Невольно вспомнилась герцогиня де Шеврёз. За ней тянулся хвост из любовников длиной, пожалуй, в пару лье! Красотка Мари Эме – а герцогиня была удивительно красива – не пропускала ни одного милого приключения. Вот бы такую красавицу и найти де Мортмару. Такую, да не совсем. Шевретта, как ее прозвал кардинал Ришелье, умудрялась втравливать всех своих любовников в политические интриги, кое-кому ее шалости даже стоили головы. Анри пришла в голову скандальная история с графом да Шале, имевшим несчастье влюбиться в герцогиню. Кончил граф плохо… [3] Бр-р! – де Голль невольно передернул плечами. Но есть же, в конце концов, дамы, которых не обуял бес политики… со столь же тонкими талиями и быстрыми лукавыми глазами?..

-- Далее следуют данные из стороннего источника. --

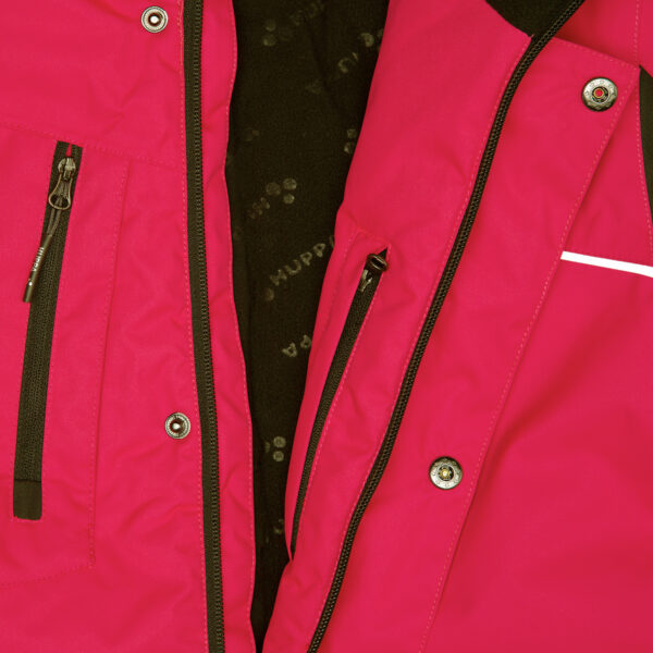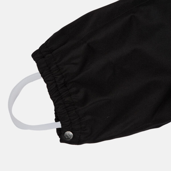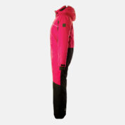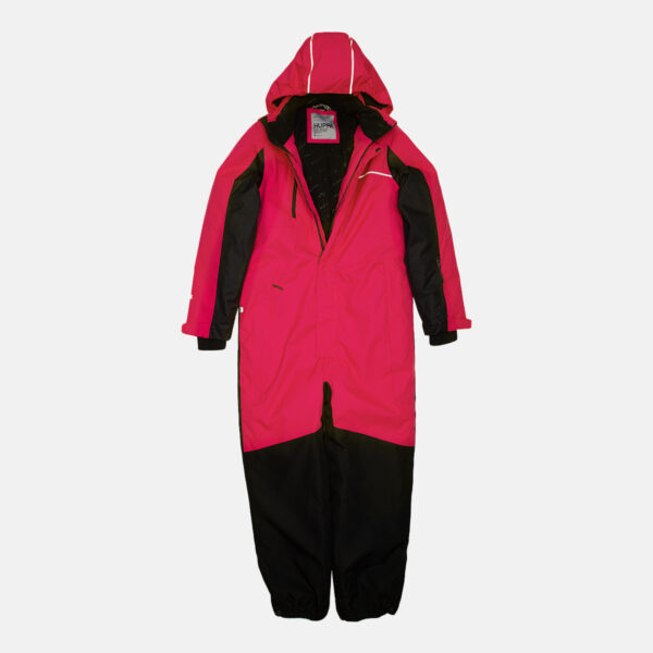 Children’s water- and windproof overalls with 200 g insulation. Breathable outer fabric. Soft lining fabric inside. Detachable hood. Adjustable elastic rubber band at the edge and back of the hood. Ribbed cuffs on sleeves. Adjustable sleeve cuffs. Front zipper with placket. Front zipper pockets and zipper breast pocket. Elastic waistband with buttonholes. Leg part in durable Cordura fabric. Waterproof taped seams. Reflective detailing on outer fabric.
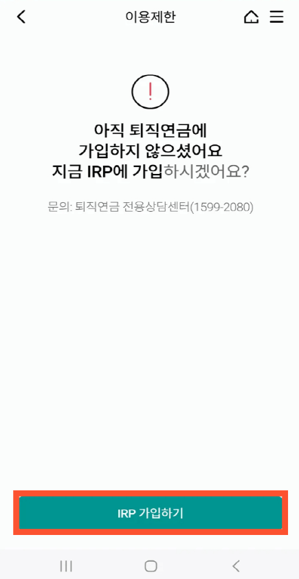 - IRP 가입하기를 선택 후 IRP계좌를 개설하세요.
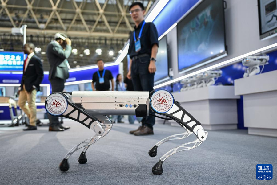 5月14日,參觀者在2025世界數字教育大會教育數字化成果展上參觀機器狗。(新華社記者 杜子璇/攝)
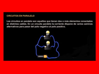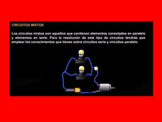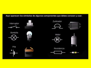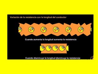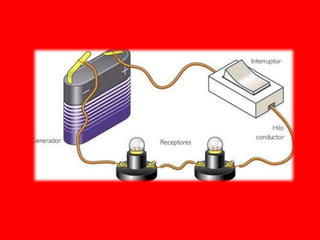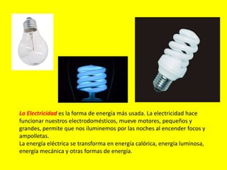 El documento explica los conceptos básicos de electricidad. La electricidad es la forma de energía más usada y se transforma en otras formas como energía calórica, luminosa y mecánica. Los átomos están formados por protones, electrones y neutrones. Los electrones pueden salirse de su órbita para formar electrones libres que permiten la corriente eléctrica a través de un circuito eléctrico que incluye un generador, conductor, interruptor y receptor. La resistencia eléctrica depende de las características del material y
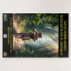 ROMPECABEZA GATO MANEJANDO BICICLETA EN EL BOSQUE. JIGSAW PUZZLE
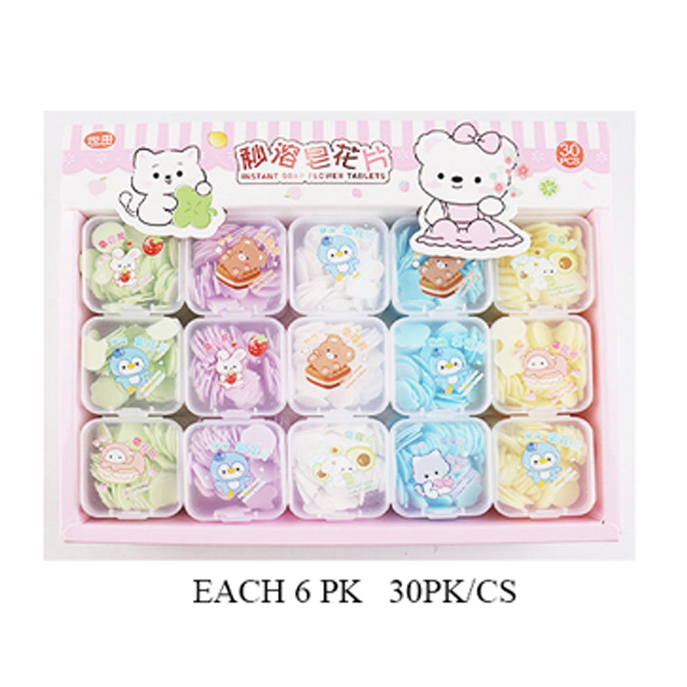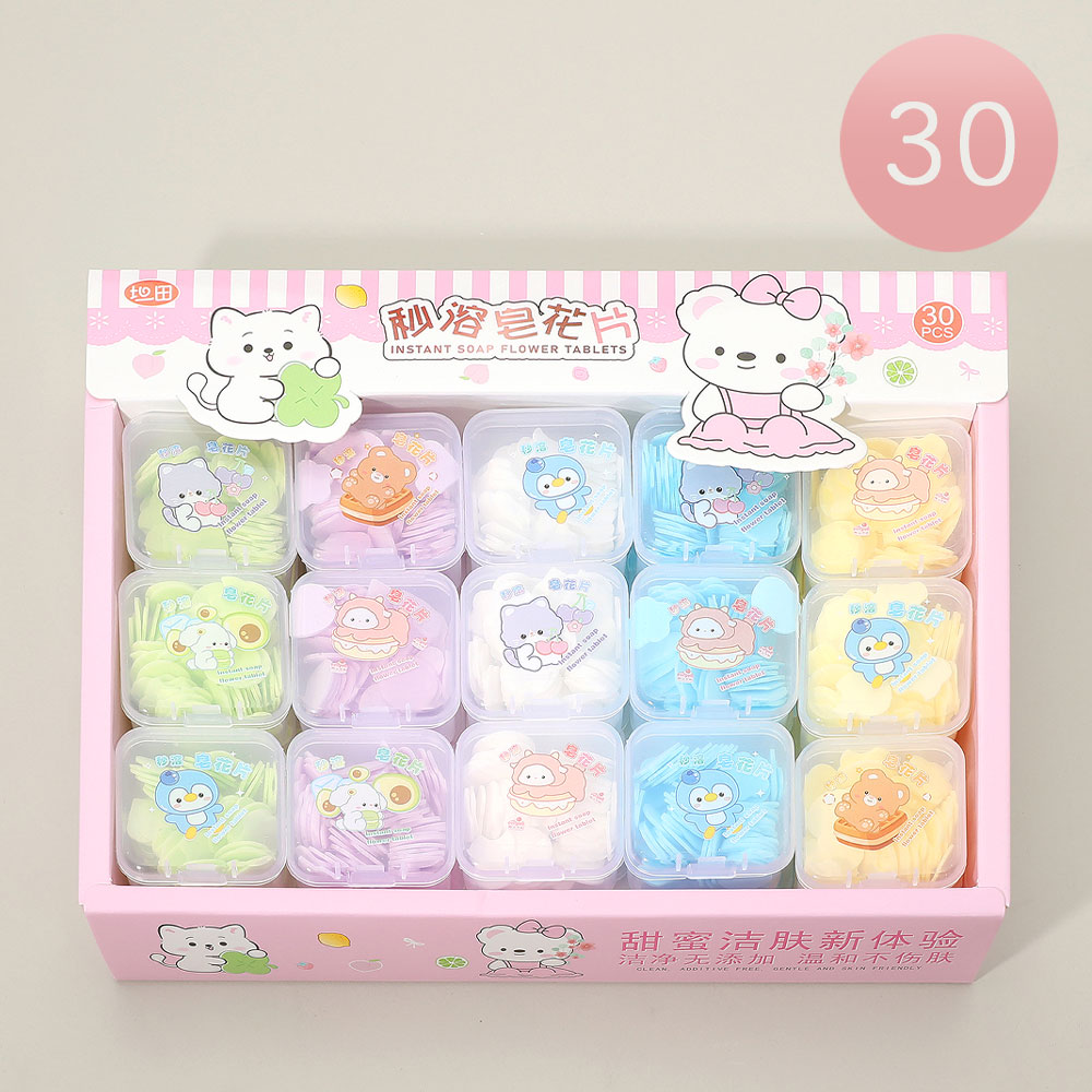 Details • Size : 1.75" X 1.75" X 0.75" • Adorable 30-pack of instant soap flower tablets with fun animal-themed containers. Each compact box includes single-use soap petals for easy handwashing anywhere. Ideal for travel, school, or gifting—adds a cute and hygienic touch to everyday routines.

Разумеется, Анри не торчал, как монумент, у дверей дома, где в комнатушке под самой крышей красавица-буржуазка принимала кузена Эжена. Де Голль прогуливался поблизости по противоположной стороне улицы, стараясь держаться в тени, а лакей де Мортмара, Гаслен, уселся на корточках у стены и, похоже, заснул. Это было непостижимо – спать на улице февральской ночью, когда по улицам гуляет резкий и холодный ветер, когда вдруг разверзаются хляби небесные и четверть часа кряду сыплется снег, но этого оказывается достаточно, чтобы образовалась скользкая слякоть. Однако лакей, завернувшись в хороший суконный плащ, нашел, как видно, подветренное местечко.
Анри тоже начал было присматриваться к ближайшей подворотне, где заметил брошенную кем-то большую корзину для белья, которую вполне можно приспособить в качестве табурета, а пока от скуки повторял стихотворение Вуатюра, которым собирался блеснуть в гостиной Мортмаров. Там иногда появлялась, когда была свободна от дежурств, Катрин де Бордо, юная фрейлина ее величества королевы Анны. Мадам де Мортмар привечала Катрин, надеясь, что беспутный сынок наконец-то разглядит в этой милой девушке будущую супругу. А де Голль, наоборот, молился Богу, чтобы такой беды не случилось, поскольку сам охотно бы назвал Катрин невестой.
Увы – фрейлина ее величества не могла снизойти до лейтенанта роты конных гвардейцев кардинала Ришелье по трем причинам. Во-первых, родня для того и пристроила Катрин на это место, чтобы она обратила на себя внимание богатого и родовитого жениха. Во-вторых, особы, приближенные к королеве, объявили негласную войну особам, приближенным к ее врагу, кардиналу Ришелье. Ну а в-третьих, Анри не мешало бы подняться хоть на одну ступеньку по служебной лестнице, потому что жалованья, которое гвардейцам кардинала платят регулярно, чего не скажешь о мушкетерах короля, для содержания семьи все равно не хватит.
К сожалению, сердцу не прикажешь, и Анри пытался ухаживать за Катрин с известной неловкостью истинно влюбленного человека. Она эти ухаживания принимала, не отвергала сразу, и Анри полагал в самое ближайшее время объясниться с девушкой. Конечно, она не бросится в его объятия с криком «твоя навеки!», но, может, хотя бы поставит какие-то условия и тем даст надежду исстрадавшемуся лейтенанту?..
3
Имеется в виду один из заговоров против кардинала Ришелье в 1626 году. Граф де Шале, спровоцированный своей любовницей де Шеврёз, попытался убить кардинала, но был схвачен и обезглавлен. – Прим. авт.